Certified AWS Cloud Practitioner with over 9 years of hands-on experience in data and quality engineering, specializing in on-premises and big data technologies. Expertise includes designing dimensional and fact models, developing data acquisition and quality frameworks, and executing cloud data migrations across commercial insurance, entertainment and media, and digital advertising sectors. Proven track record as a primary contact for analytics and business teams, successfully driving data quality initiatives while supporting senior management in making informed, data-driven decisions. Committed to fostering a collaborative environment by enhancing co-workers' business acumen and understanding of data, while adhering to agile methodologies for effective product and program delivery.
● Designed, implemented, and maintained data pipelines for efficient data ingestion, transformation, and loading using PySpark in EC2 instances after cluster configuration is completed in EMR environment.
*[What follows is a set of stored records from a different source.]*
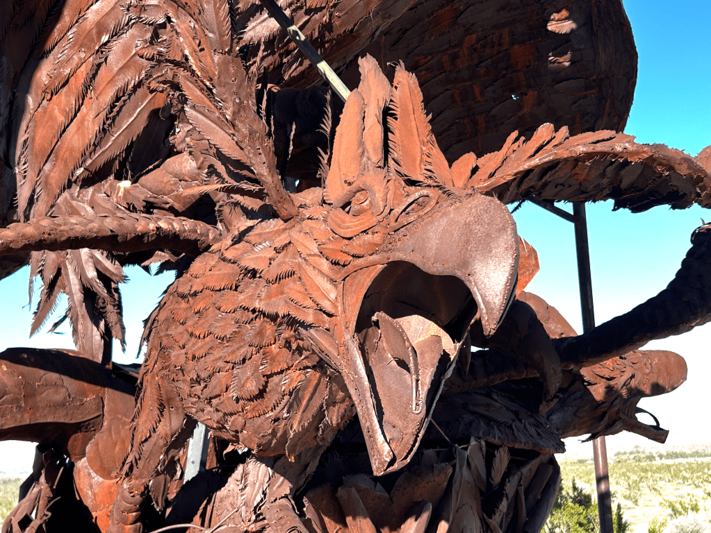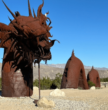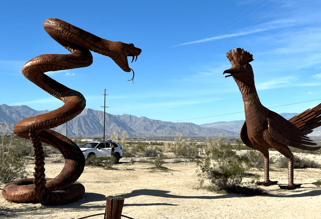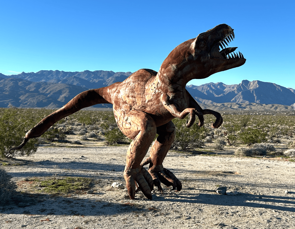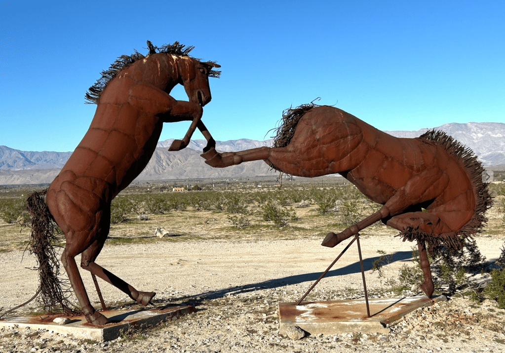 Borrego is also home to a fascinating collection of Sky Art, a collection of 130 large-scale, free-standing, metal sculptures produced by artist Ricardo Breceda. The collection was the inspiration of Dennis Avery, the late landowner of Galleta Meadows and a long-time resident of Borrego Springs. The sculptures are spread over more than 1,500 acres of land and are all accessible by car. We, of course, toured as many as we could find! Some fun pictures are below. The serpent, tyrannosaurus and horses were our favorite. Their rusted metal exteriors make them look like they definitely belong in the desert.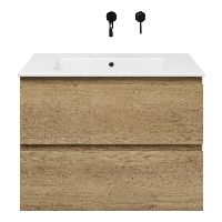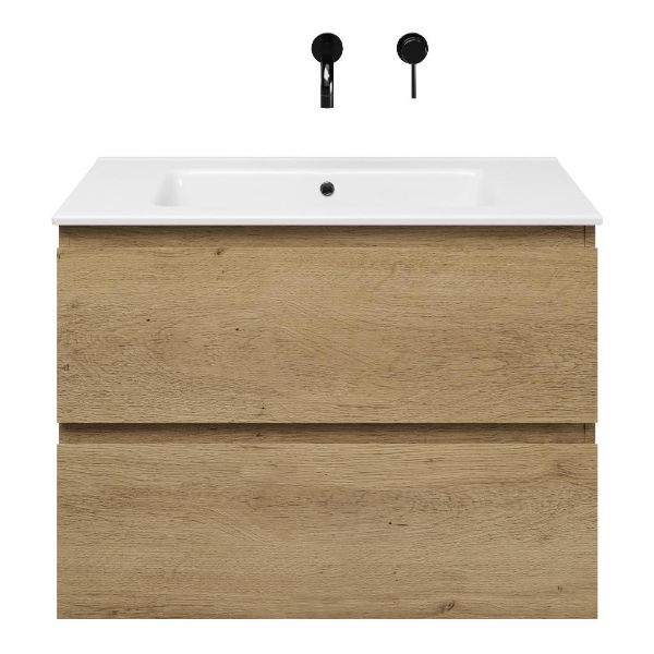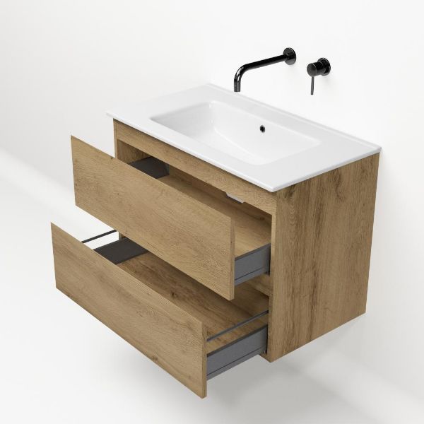 | | Bellanti Gisella/Etna badmeubel 80x46 2 softclose laden warm eiken greeploos keramische wastafel wit zonder kraangaten |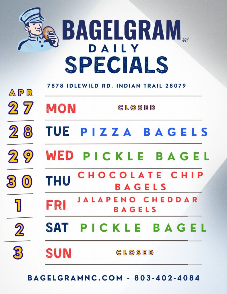 Purchase E-Gift Cards for BagelGram delivery to most areas of Charlotte HERE.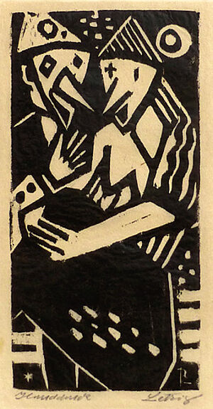 Holzschnitt: ohne Titel (Paar mit Masken)

● Developed Automated Data Validation framework to identify and resolve data quality issues during and after the ingestion process and before the data is being sent to business users.
● Experience in creating and reading DynamoDB configuration parameters for ETL execution and automation script execution.
● Monitored AWS infrastructure and pipelines to ensure smooth and reliable data flow, promptly addressing any issues or bottlenecks.
● Validated ETL data pipelines to ensure accuracy, completeness, and adherence to business requirements and data standards.
● Created event driven data pipelines using AWS Lambda.
● Created data models and data mappings for different stages of data within the data warehouse, including the creation of dimensional and fact tables using SQL and Python.
● Proficient in working with AWS Glue, Step Functions, EC2, and data pipelines for efficient data processing and management.
● Generated ad hoc reports using AWS Glue to meet the data needs of end users, providing them with actionable insights.
● Ensured data validation across all layers of the data ecosystem to maintain data integrity and consistency.
● Collaborated with other teams outside of the Commercial Data Platform (CDP) to support end-to-end testing, spanning application systems to Tableau system integration.
● Played a key role in the architectural design of the CDP data model, providing expertise and insights for optimal data management and performance.
● Prepared a comprehensive list of scenarios covering all layers of data to support thorough testing and validation processes.
● Conducted report validations in Tableau, ensuring the accuracy and integrity of the visualized data.
● Experience in creating and publishing live data sources and extracts in Tableau, utilizing custom SQL and data tables to meet the reporting requirements of end users.